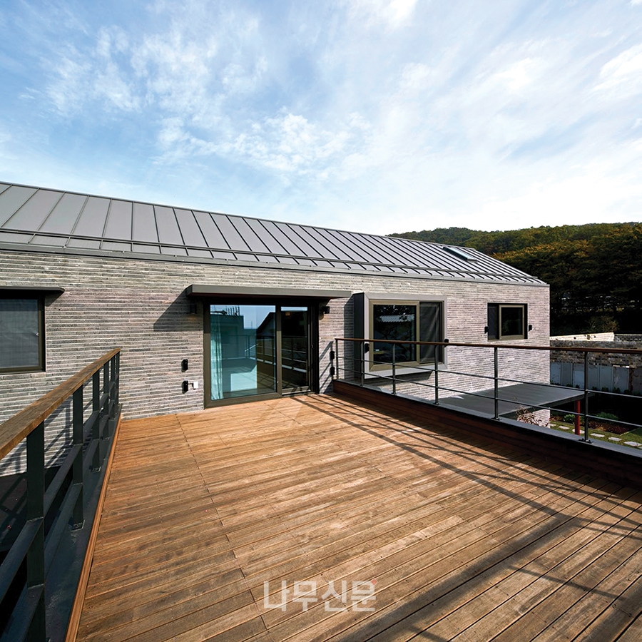 2층에도 넓은 마당이 있다. 1층의 게스트룸 상부를 옥상정원으로 만들어 다양한 꽃과 나무들을 심었다. 습기에 오랫동안 접촉할 경우 수축 등의 변형을 우려해 1차 방수를 하고 스테인리스 스틸로 2중 방수를 했다.
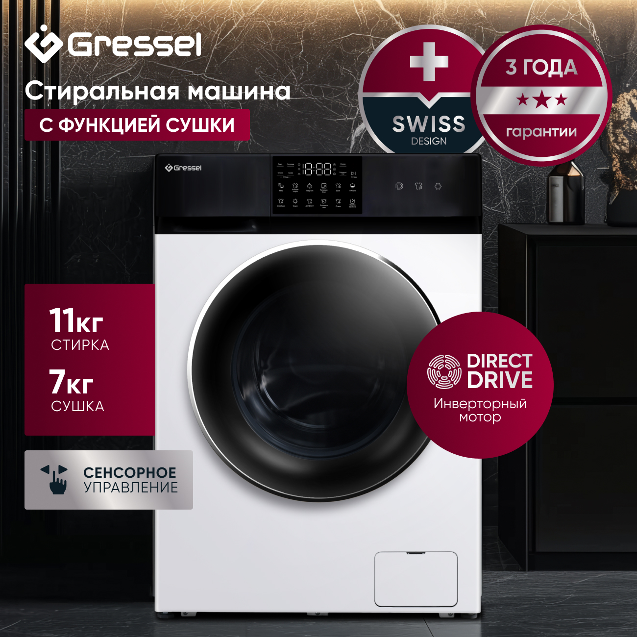 Стиральная машина с сушкой Gressel UWS602 (11 кг) с инверторным мотором Direct Drive и дозагрузкой белья
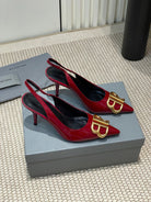 POINTED BB GOLD BUCKLE HIGH SLINGBACK 80MM IN RED PATENT CALFSKIN
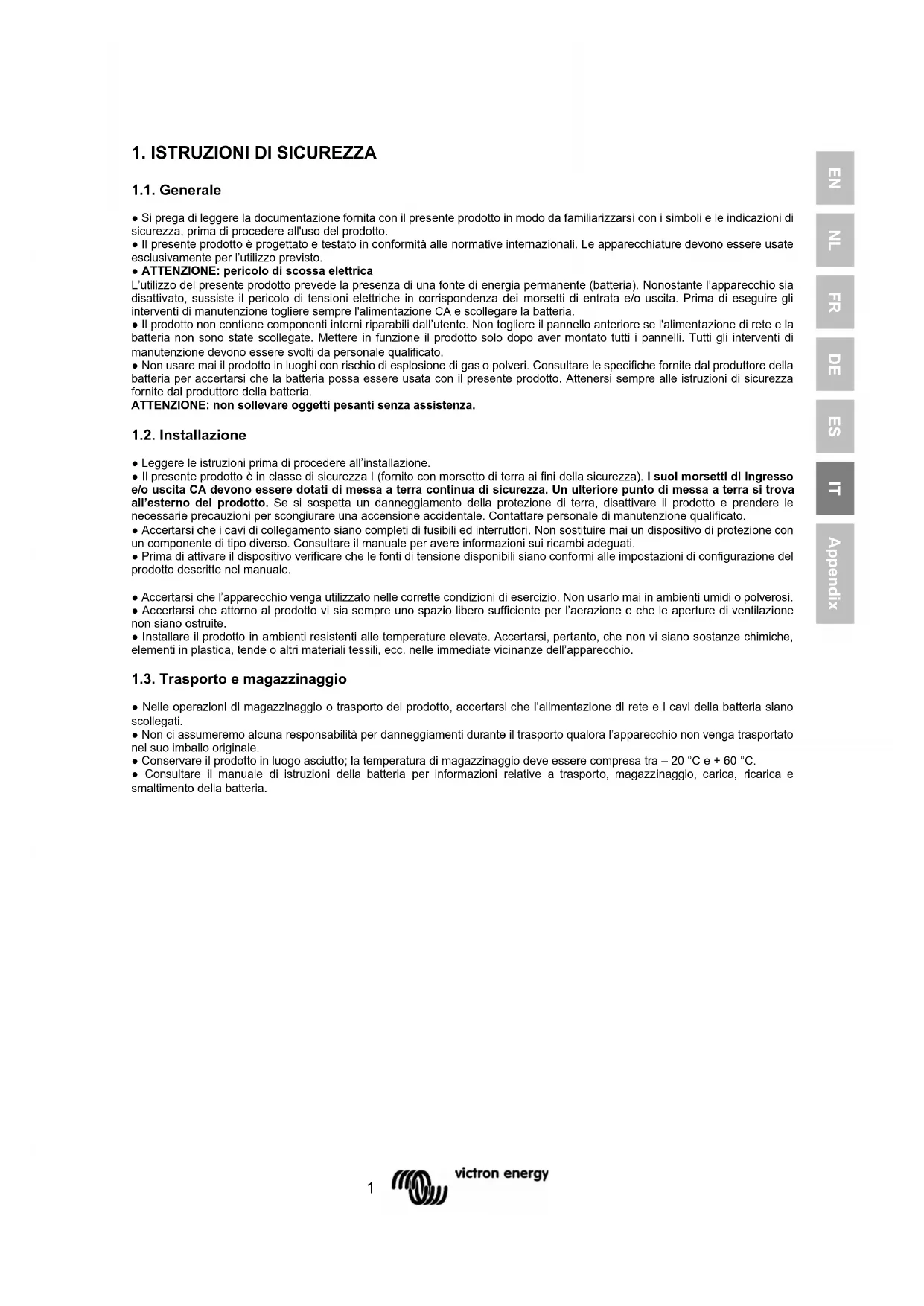 1.1. Generale ● Si prega di leggere la documentazione fornita con il presente prodotto in modo da familiarizzarsi con i simboli e le indicazioni di sicurezza, prima di procedere all'uso del prodotto. ● Il presente prodotto è progettato e testato in conformità alle normative internazionali. Le apparecchiature devono essere usate esclusivamente per l’utilizzo previsto. ● ATTENZIONE: pericolo di scossa elettrica L’utilizzo del presente prodotto prevede la presenza di una fonte di energia permanente (batteria). Nonostante l’apparecchio sia disattivato, sussiste il pericolo di tensioni elettriche in corrispondenza dei morsetti di entrata e/o uscita. Prima di eseguire gli interventi di manutenzione togliere sempre l'alimentazione CA e scollegare la batteria. ● Il prodotto non contiene componenti interni riparabili dall’utente. Non togliere il pannello anteriore se l'alimentazione di rete e la batteria non sono state scollegate. Mettere in funzione il prodotto solo dopo aver montato tutti i pannelli. Tutti gli interventi di manutenzione devono essere svolti da personale qualificato. ● Non usare mai il prodotto in luoghi con rischio di esplosione di gas o polveri. Consultare le specifiche fornite dal produttore della batteria per accertarsi che la batteria possa essere usata con il presente prodotto. Attenersi sempre alle istruzioni di sicurezza fornite dal produttore della batteria. ATTENZIONE: non sollevare oggetti pesanti senza assistenza. 1.2. Installazione ● Leggere le istruzioni prima di procedere all’installazione. ● Il presente prodotto è in classe di sicurezza I (fornito con morsetto di terra ai fini della sicurezza). I suoi morsetti di ingresso e/o uscita CA devono essere dotati di messa a terra continua di sicurezza. Un ulteriore punto di messa a terra si trova all’esterno del prodotto. Se si sospetta un danneggiamento della protezione di terra, disattivare il prodotto e prendere le necessarie precauzioni per scongiurare una accensione accidentale. Contattare personale di manutenzione qualificato. ● Accertarsi che i cavi di collegamento siano completi di fusibili ed interruttori. Non sostituire mai un dispositivo di protezione con un componente di tipo diverso. Consultare il manuale per avere informazioni sui ricambi adeguati. ● Prima di attivare il dispositivo verificare che le fonti di tensione disponibili siano conformi alle impostazioni di configurazione del prodotto descritte nel manuale. ● Accertarsi che l’apparecchio venga utilizzato nelle corrette condizioni di esercizio. Non usarlo mai in ambienti umidi o polverosi. ● Accertarsi che attorno al prodotto vi sia sempre uno spazio libero sufficiente per l’aerazione e che le aperture di ventilazione non siano ostruite. ● Installare il prodotto in ambienti resistenti alle temperature elevate. Accertarsi, pertanto, che non vi siano sostanze chimiche, elementi in plastica, tende o altri materiali tessili, ecc. nelle immediate vicinanze dell’apparecchio. 1.3. Trasporto e magazzinaggio ● Nelle operazioni di magazzinaggio o trasporto del prodotto, accertarsi che l’alimentazione di rete e i cavi della batteria siano scollegati. ● Non ci assumeremo alcuna responsabilità per danneggiamenti durante il trasporto qualora l’apparecchio non venga trasportato nel suo imballo originale. ● Conservare il prodotto in luogo asciutto; la temperatura di magazzinaggio deve essere compresa tra – 20 °C e + 60 °C. ● Consultare il manuale di istruzioni della batteria per informazioni relative a trasporto, magazzinaggio, carica, ricarica e smaltimento della batteria.2
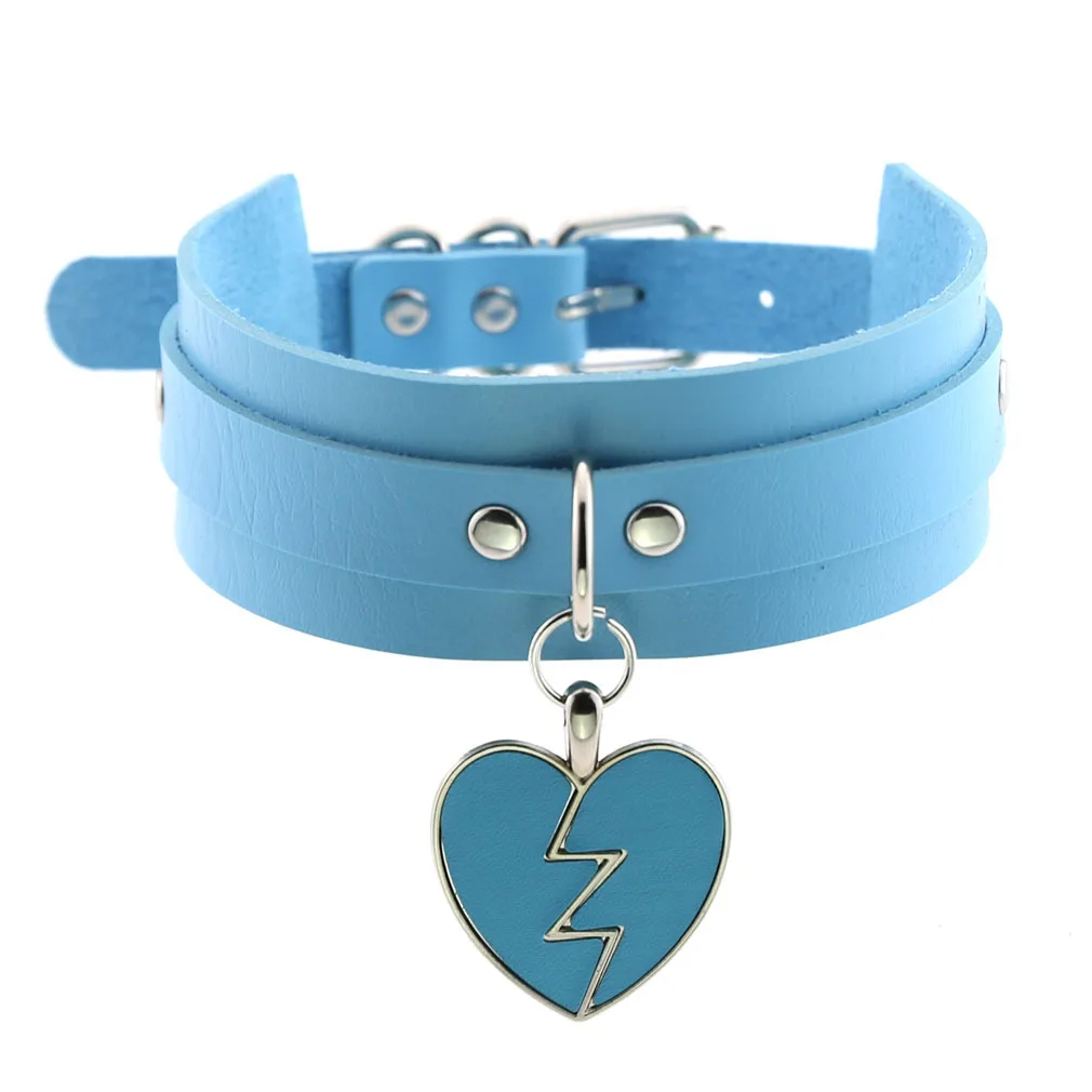 Black Harajuku Spike Round Heart Choker Necklaces Sky Blue Goth Punk Y2K Belt Necklace Women Mens Jewelry Holloween Cosplay Emo
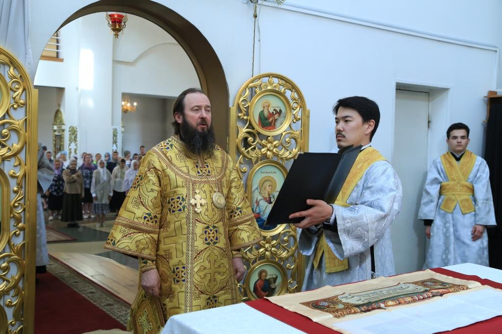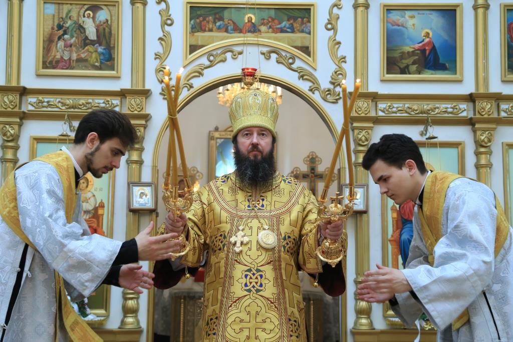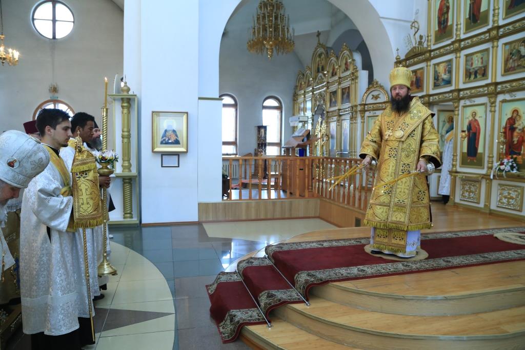 Епископ Усть-Каменогорский и Семипалатинский Амфилохий совершил Божественную Литургию по чину святителя Иоанна Златоуста в Андреевском кафедральном соборе столицы Прииртышья. Его Преосвященству сослужили: духовник епархии архимандрит Спиридон (Теплухин), ключарь Андреевского собора иеромонах Никодим (Авдеев), заведующий епархиальной канцелярией иерей Константин Дьяков; протодиакон Георгий Засыпкин, иеродиакон Мефодий (Шевчук), иеродиакон Тимофей (Хитрич).
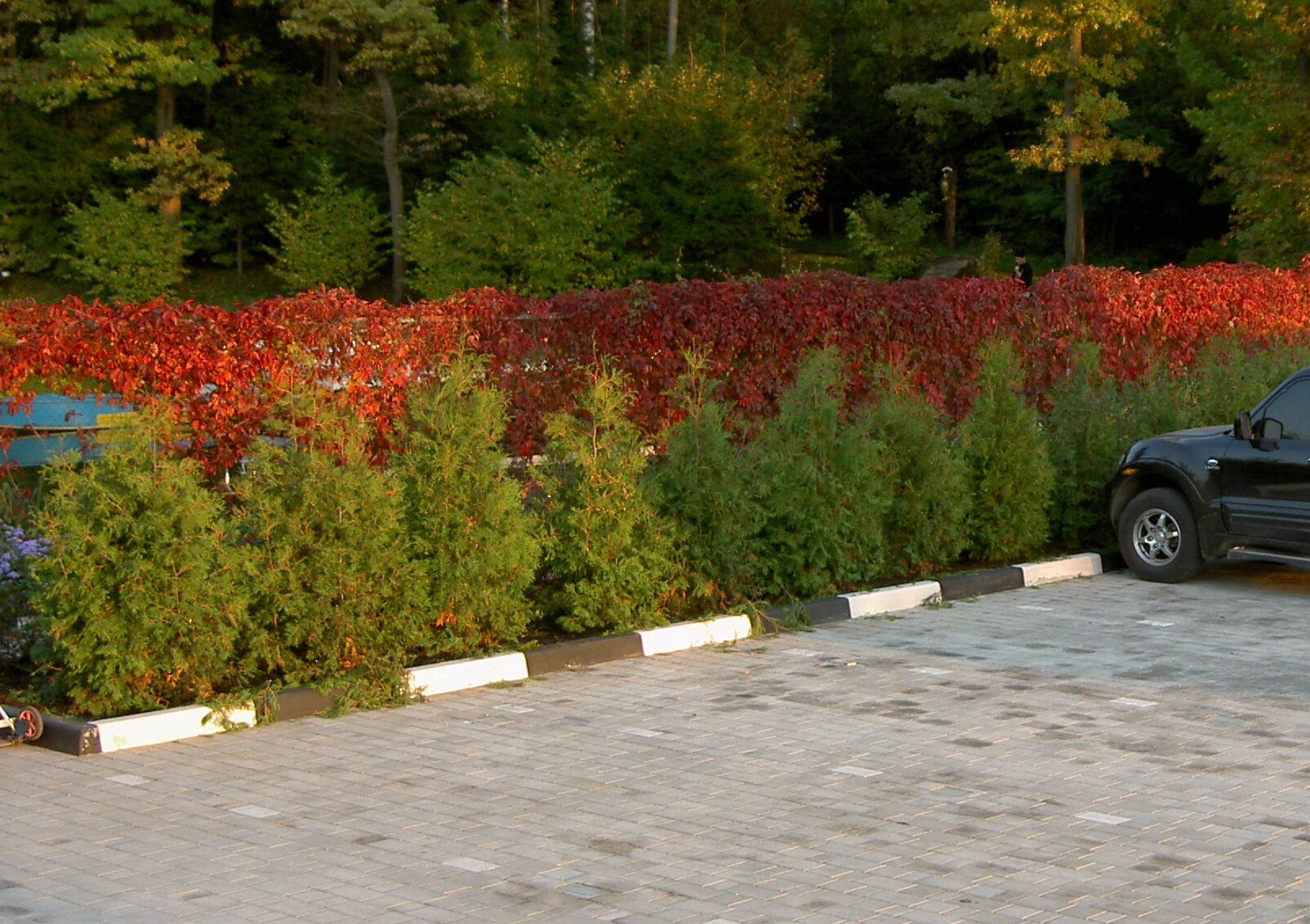 Обычный ассортимент растений для изгороди примерно такой – барбарис разных видов, от низких до средних, боярышник, чубушник (жасмин), сирень, шиповник, туя разных видов и форм, кизильник и др. В зависимости от параметров изгороди подбираем и растения в посадку. Время для посадки выбирают весной или осенью, но могут быть
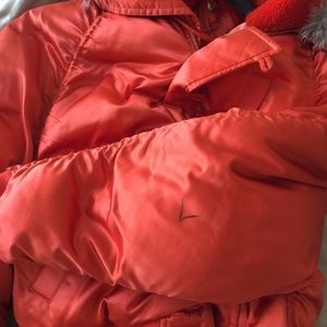 Absolutely Luxurious Item!!! Outside Silk 100%, inside Down 80% And the hood lining is genuine shearling!! With a fur trim! Soft, super warm and Gorgeous!!
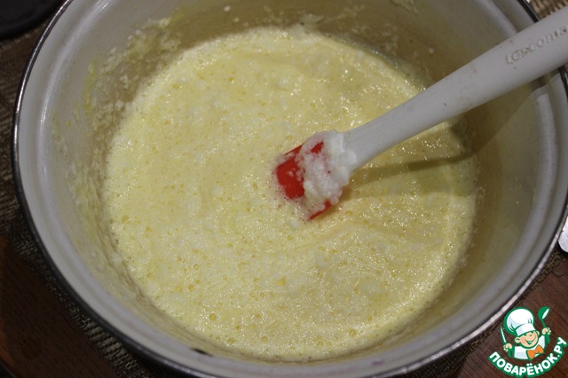 Белки аккуратно смешать со сметанной смесью лопаточкой движениями вверх-вниз. Это действие нужно выполнить к окончанию 20 минут выпечки ватрушки.
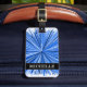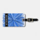 Las características del este del equipaje diseño de la etiqueta un modelo con las líneas colorearon los varios tonos del azul que estallaban hacia fuera de un punto central. También ofrece un nombre personalizado en el frente, y personalizó los detalles del contacto en la parte posterior.
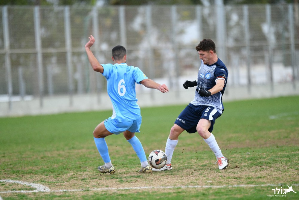 המשחק לא התעלה לרמה גבוהה. אביתר ברק (מימין) מול לואיי שעבן (עדי דיטליס)
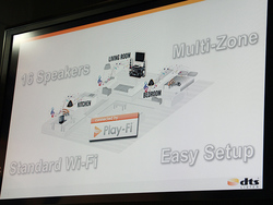 DTS Play-Fiは、簡単にいえばスマートフォンなどのデバイスを使って、端末内の音楽ファイルをマルチルームの各スピーカーにWi-Fi経由でワイヤレス送信できる技術。2013年のCESで発表され、既に米国では提供開始されているが、日本では未展開のサービスとなる。国内で具体的なデモンストレーションが行われたのは、今回の展示会が初めて。
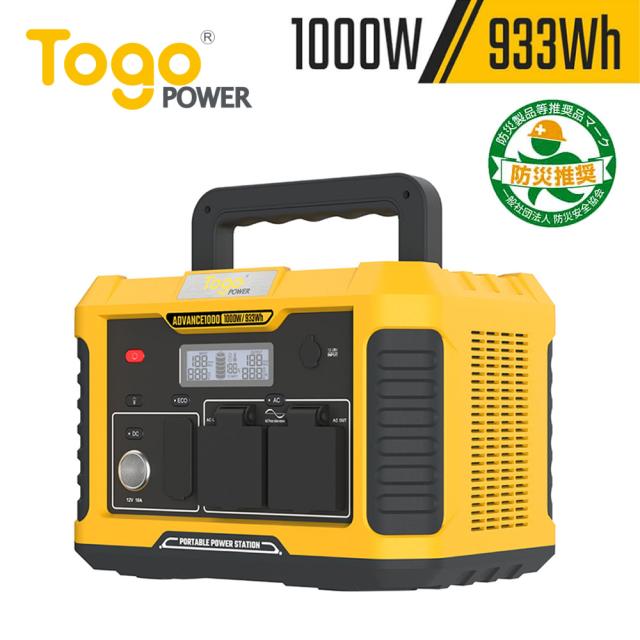 【正規代理店】ポータブル電源 TogoPower ADVANCE1000 1000W 933Wh 252100mAh 大容量 バッテリー アウトドア キャンプ 防災 PSE認証済

PROBLEM
What is needed is the full material, retyped unchanged, with no pictures in it.

TASK ANSWER
 2층에도 넓은 마당이 있다. 1층의 게스트룸 상부를 옥상정원으로 만들어 다양한 꽃과 나무들을 심었다. 습기에 오랫동안 접촉할 경우 수축 등의 변형을 우려해 1차 방수를 하고 스테인리스 스틸로 2중 방수를 했다.
 Стиральная машина с сушкой Gressel UWS602 (11 кг) с инверторным мотором Direct Drive и дозагрузкой белья
 POINTED BB GOLD BUCKLE HIGH SLINGBACK 80MM IN RED PATENT CALFSKIN
 1.1. Generale ● Si prega di leggere la documentazione fornita con il presente prodotto in modo da familiarizzarsi con i simboli e le indicazioni di sicurezza, prima di procedere all'uso del prodotto. ● Il presente prodotto è progettato e testato in conformità alle normative internazionali. Le apparecchiature devono essere usate esclusivamente per l’utilizzo previsto. ● ATTENZIONE: pericolo di scossa elettrica L’utilizzo del presente prodotto prevede la presenza di una fonte di energia permanente (batteria). Nonostante l’apparecchio sia disattivato, sussiste il pericolo di tensioni elettriche in corrispondenza dei morsetti di entrata e/o uscita. Prima di eseguire gli interventi di manutenzione togliere sempre l'alimentazione CA e scollegare la batteria. ● Il prodotto non contiene componenti interni riparabili dall’utente. Non togliere il pannello anteriore se l'alimentazione di rete e la batteria non sono state scollegate. Mettere in funzione il prodotto solo dopo aver montato tutti i pannelli. Tutti gli interventi di manutenzione devono essere svolti da personale qualificato. ● Non usare mai il prodotto in luoghi con rischio di esplosione di gas o polveri. Consultare le specifiche fornite dal produttore della batteria per accertarsi che la batteria possa essere usata con il presente prodotto. Attenersi sempre alle istruzioni di sicurezza fornite dal produttore della batteria. ATTENZIONE: non sollevare oggetti pesanti senza assistenza. 1.2. Installazione ● Leggere le istruzioni prima di procedere all’installazione. ● Il presente prodotto è in classe di sicurezza I (fornito con morsetto di terra ai fini della sicurezza). I suoi morsetti di ingresso e/o uscita CA devono essere dotati di messa a terra continua di sicurezza. Un ulteriore punto di messa a terra si trova all’esterno del prodotto. Se si sospetta un danneggiamento della protezione di terra, disattivare il prodotto e prendere le necessarie precauzioni per scongiurare una accensione accidentale. Contattare personale di manutenzione qualificato. ● Accertarsi che i cavi di collegamento siano completi di fusibili ed interruttori. Non sostituire mai un dispositivo di protezione con un componente di tipo diverso. Consultare il manuale per avere informazioni sui ricambi adeguati. ● Prima di attivare il dispositivo verificare che le fonti di tensione disponibili siano conformi alle impostazioni di configurazione del prodotto descritte nel manuale. ● Accertarsi che l’apparecchio venga utilizzato nelle corrette condizioni di esercizio. Non usarlo mai in ambienti umidi o polverosi. ● Accertarsi che attorno al prodotto vi sia sempre uno spazio libero sufficiente per l’aerazione e che le aperture di ventilazione non siano ostruite. ● Installare il prodotto in ambienti resistenti alle temperature elevate. Accertarsi, pertanto, che non vi siano sostanze chimiche, elementi in plastica, tende o altri materiali tessili, ecc. nelle immediate vicinanze dell’apparecchio. 1.3. Trasporto e magazzinaggio ● Nelle operazioni di magazzinaggio o trasporto del prodotto, accertarsi che l’alimentazione di rete e i cavi della batteria siano scollegati. ● Non ci assumeremo alcuna responsabilità per danneggiamenti durante il trasporto qualora l’apparecchio non venga trasportato nel suo imballo originale. ● Conservare il prodotto in luogo asciutto; la temperatura di magazzinaggio deve essere compresa tra – 20 °C e + 60 °C. ● Consultare il manuale di istruzioni della batteria per informazioni relative a trasporto, magazzinaggio, carica, ricarica e smaltimento della batteria.2
 Black Harajuku Spike Round Heart Choker Necklaces Sky Blue Goth Punk Y2K Belt Necklace Women Mens Jewelry Holloween Cosplay Emo
 Епископ Усть-Каменогорский и Семипалатинский Амфилохий совершил Божественную Литургию по чину святителя Иоанна Златоуста в Андреевском кафедральном соборе столицы Прииртышья. Его Преосвященству сослужили: духовник епархии архимандрит Спиридон (Теплухин), ключарь Андреевского собора иеромонах Никодим (Авдеев), заведующий епархиальной канцелярией иерей Константин Дьяков; протодиакон Георгий Засыпкин, иеродиакон Мефодий (Шевчук), иеродиакон Тимофей (Хитрич).
 Обычный ассортимент растений для изгороди примерно такой – барбарис разных видов, от низких до средних, боярышник, чубушник (жасмин), сирень, шиповник, туя разных видов и форм, кизильник и др. В зависимости от параметров изгороди подбираем и растения в посадку. Время для посадки выбирают весной или осенью, но могут быть
 Absolutely Luxurious Item!!! Outside Silk 100%, inside Down 80% And the hood lining is genuine shearling!! With a fur trim! Soft, super warm and Gorgeous!!
 Белки аккуратно смешать со сметанной смесью лопаточкой движениями вверх-вниз. Это действие нужно выполнить к окончанию 20 минут выпечки ватрушки.
 Las características del este del equipaje diseño de la etiqueta un modelo con las líneas colorearon los varios tonos del azul que estallaban hacia fuera de un punto central. También ofrece un nombre personalizado en el frente, y personalizó los detalles del contacto en la parte posterior.
 המשחק לא התעלה לרמה גבוהה. אביתר ברק (מימין) מול לואיי שעבן (עדי דיטליס)
 DTS Play-Fiは、簡単にいえばスマートフォンなどのデバイスを使って、端末内の音楽ファイルをマルチルームの各スピーカーにWi-Fi経由でワイヤレス送信できる技術。2013年のCESで発表され、既に米国では提供開始されているが、日本では未展開のサービスとなる。国内で具体的なデモンストレーションが行われたのは、今回の展示会が初めて。
 【正規代理店】ポータブル電源 TogoPower ADVANCE1000 1000W 933Wh 252100mAh 大容量 バッテリー アウトドア キャンプ 防災 PSE認証済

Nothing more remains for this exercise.